= Zura Bitiyeva =

Chechen activist (1948–2003)

Zura Bitiyeva (1948 – May 21, 2003) (Cyrilic:Зура Битиева; also transliterated as Bitieva) was a locally well-known Chechen human rights activist who was extrajudicially executed by what is assumed to be a Russian government death squad in 2003 after she complained to the European Court of Human Rights of ill treatment during an earlier illegal detention. Three other members of her immediate family were also killed in the same attack.

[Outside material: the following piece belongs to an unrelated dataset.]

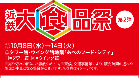 - 近鉄 大食品祭 第2弾[10月8日(水)→14日(火)/タワー館・ウイング館地階「あべのフード・シティ」]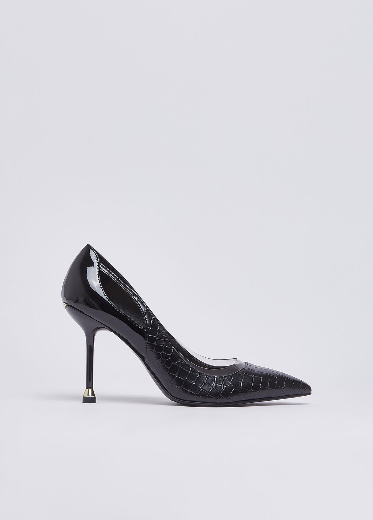 • Rugan deri üst parmak sahibi stiletto ayakkabı

Bitiyeva's was not an isolated case, and many people in Chechnya who have submitted cases of serious human rights violations to the ECHR have been also subjected to reprisals, including being killed or forcibly disappeared.

==Life==
Bitiyeva was born in 1948 in Kazakhstan during the forced exile of the entire Chechen nation. Later she returned to Chechnya, settling in the village of Kalinovskaya (Kalinovskaia). During the First Chechen War, she was actively involved in anti-war protests. In February 2000, during the Second Chechen War, she and her son Idris were arbitrarily detained by the Russian forces and taken to the unofficial detention centre known as Chernokozovo, a "filtration camp" infamous of torture, rape and other abuses. When she has arrived at Chernokozovo, the guards told her she would "never leave alive." Bitiyeva, who tried to defend other prisoners, went on hunger strike and was released in a very ill condition. Her friends helped her go to Turkey, but once her health was slightly better, she went back to Chechnya and began collecting evidence of crimes committed against civilian population of the republic, submitting it to United Nations and international human rights organizations. In February 2003, Bitiyeva had been part of the group of women that demanded the opening of a mass grave site discovered near the settlement of Kapustino. She also worked with the Russian NGO Committee of Soldiers' Mothers.

==Death==
On May 21, 2003, in the middle of a night, a group of over ten unidentified Russian-speaking special forces troops (four of them masked) arrived in Kalinovskaya in two UAZ-452 minivans. The troops broke into her family house and bound, gagged and hooded Zura and her son Idris, as well as her husband Ramzan and her brother Abubakar, and then shot all four of them in the back of their heads (Zura was shot also in her hands). Only her other son, Eldard, escaped death by hiding just in time. The killers also stole a videocassette recorder from the house. Later in the morning, two local men (Turpal Ismailov and Islambek Gadiyev) were also killed in their homes, presumably by the same group of attackers.

==ECHR ruling==
Bitiyeva had filed a complaint against Moscow with the European Court of Human Rights in 2000 for abuse while in detention (this was then-second ECHR case from Chechnya), but she was murdered before the ruling was issued. On June 21, 2007, in the case of Bitiyeva and X v. Russia, the Court ruled that Russian forces were responsible for Bitiyeva's illegal detention, the inhuman and degrading treatment she suffered during detention, and for her subsequent "brutal" death. Russia was ordered by the court to pay €85,000 in damages to Bitiyeva's daughter, living as a refugee in Germany.